The city's story is a familiar one. The old industries shut down one by one as they became uneconomic - the things Sunderland once made could be manufactured more cheaply elsewhere.
The last shipyard closed in 1988, the Monkwearmouth Colliery in 1993 (the year after Sunderland officially became a city).
The local economy spiralled into decline, with rising unemployment and run-down shopping centres and housing estates.
Manufacturing in Sunderland is by no means dead. The giant Nissan car plant employs 5,000 people and every year builds, as Sunderland people tell you, "more cars than Italy". Just upstream from the Wearmouth Bridge is a vast hangar belonging to the German crane manufacturers Liebherr.
But the emphasis now is on finding ways to regenerate the city and its economy. Which is why Sunderland wants to be the UK City of Culture in 2021.
"We do have a fantastic creative community here," says glassmaker James Maskrey. "Sunderland's always been a great place for making things… It's always been a very creative place and very industrious, and I think we're now moving into a time where that's working in the creative industries as well."
James works at the National Glass Centre on the Sunderland waterfront, on the site of one the city's vanished shipyards. Opened in 1998 and funded by the lottery, the Centre was an early attempt at culturally-led regeneration. It mounts exhibitions of decorative glass and runs courses in glass making.
After going through a rocky patch a few years ago it's now part of the University of Sunderland. James teaches glass-blowing techniques, helps artists express themselves in glass and gives demonstrations to the public.
Glass students are attracted by the facilities at the Centre, but also by Sunderland itself.
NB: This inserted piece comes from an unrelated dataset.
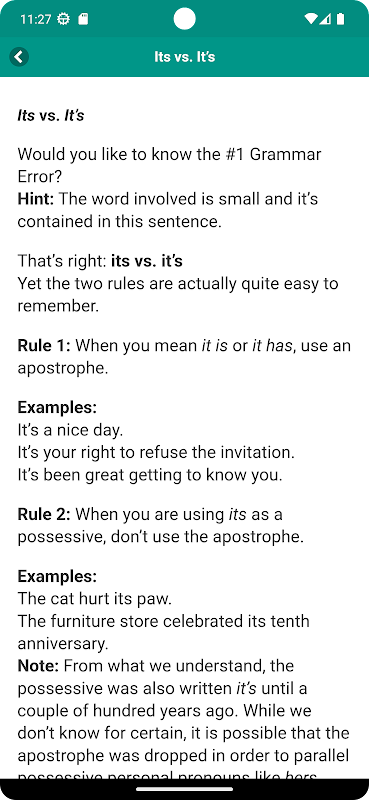 Częste błędy gramatyczne w języku angielskim, a nie prawo zwyczaje. Błędy w zdaniu tam odpowiednich zastosowań. Mówiąc lub pisząc w języku angielskim, narody zrobić bardzo typowych błędów. Z tej aplikacji, będziesz w stanie nauczyć się wszystkich tych typowych błędów i unikać ich. Korzystanie z tej aplikacji można zrozumieć, nauczyć się i poprawić w tych typowych błędów.
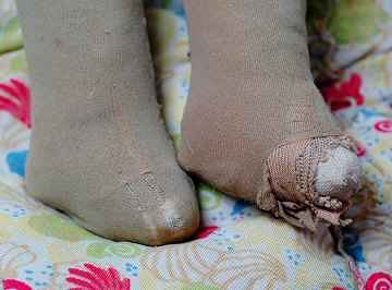 Dukke m. hoved af bemalet metal og krop er forstærket stof. L. 43 cm.

Two of them, Erin Barr and Katherine Lusby, wax unexpectedly lyrical about the place.
"It sounds a bit daft, but one of the things you first notice is the seagulls, because you're next to the sea," says Erin, who comes from Bolton.
"It doesn't feel built-up or dusty or anything like that - it's fresh because of the river," says Katherine. "It's a lovely place to be."
Across the river Paul Callaghan, a successful local businessman, shows me a current regeneration project. At the west end of Sunderland's High Street, more lottery cash is going into a new MAC (music, arts and culture) Quarter.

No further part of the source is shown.